Artists correctly realized the threat to their future economic viability and made up reasons it was morally bad. Programmers are currently stuck in an earlier stage, insistent that it can never replace them because [various things].


Destroying a profession without a plan to help those displaced is morally bad. It's also inevitable. The most obvious mistake of everybody on both sides of AI arguments is denying the fact that something can be used for both good and bad, will have devastating effects and yet is an advancement that must happen, etc. This isn't cognitive dissonance - it's reality.


Advanced programmers don't use AI assistants because it doesn't help them write complex new code. This is mostly good for completing only well-known and more or less simple tasks. And I hope that such people understand the danger posed by "artificial intelligence" in many cases and in many forms.


This is sort of true currently, but extrapolate the trend.


You could just run a local LLM over every document and ask it "is this related to this query". I don't think you actually want to wait a week (and holding all the documents you might ever want to search would run to petabytes).

(the reasonable way is embedding search, which runs much faster with some precomputation, but you still have to store things)


A better way would be to ask the LLM to generate keywords (or queries). And then use old school techniques to find a set of documents, and then filter those using another LLM.


How is that better than embeddings? You’re using embeddings to get a finite list of keywords, throwing out the extra benefits of embeddings (support for every human language, for instance), using a conventional index, and then going back to embeddings space for the final LLM?

That whole thing can be simplified to: compute and store embeddings for docs, compute embeddings for query, find most similar docs.

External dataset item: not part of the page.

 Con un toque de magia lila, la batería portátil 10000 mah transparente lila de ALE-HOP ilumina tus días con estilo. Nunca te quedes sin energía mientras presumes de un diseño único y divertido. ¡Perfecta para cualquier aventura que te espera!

Yes, you can do the "old school search" part with embeddings.


Ah, I had interpreted “old school search” to mean classic text indexing and Boolean style search. I’d argue that if it’s using embeddings and cosine similarity, it’s not old school. But that’s just semantics.

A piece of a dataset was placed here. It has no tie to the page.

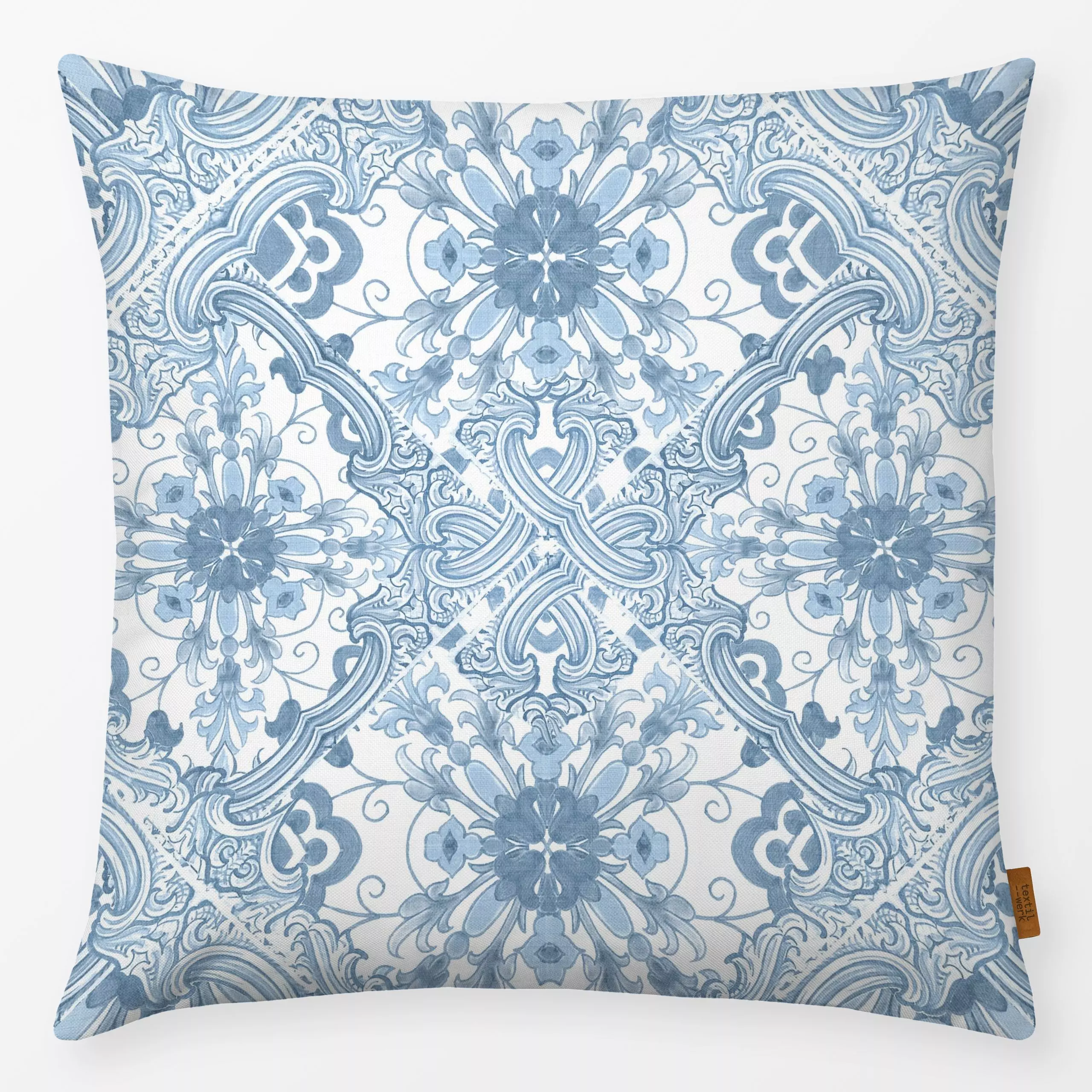 Kissen Baroque Floral Tiles Blau - Symbole & Muster - von „Bloomery Decor"; Blumen, floral, vintage, coastal, fliese, Mittel...

The entire library of Congress is like 10TB. You don’t need anything near petabytes until you get out of text into rich media.


Common Crawl is petabytes. Anna's Archive is about a petabyte, but it includes PDFs with images.

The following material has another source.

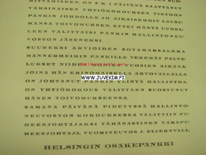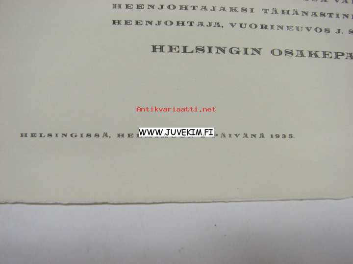 Helsingin Osakepankki, 193523 x 28 cm painate. Harvinainen painate.

There is at least one organization doing actual embedding-based search (Exa). I wrote about this a bit: https://docs.osmarks.net/hypha/osmarks.net_web_search_plan_%....


Yes, I know Exa and have used them in the past for some side projects. Great product.

But that's still an index. Google also internally uses combination of traditional and sematic/embedding based indices.


Most of these are just an EPYC server platform, some cursed risers and multiple PSUs (though cryptominer server PSU adapters are probably better). See https://nonint.com/2022/05/30/my-deep-learning-rig/ and https://www.mov-axbx.com/wopr/wopr_concept.html.


Looks like a fire hazard :)


WOPR read is the best IMO.


They couldn't have built it on anything but UDP because the world is now filled with poorly designed firewall/NAT middleboxes which will not route things other than TCP, UDP and optimistically ICMP.


CommonMark mostly fixes this.


At the expense of being extremely complex.


Preserving the semantic content is helpful if you think you might want to switch the rendering later.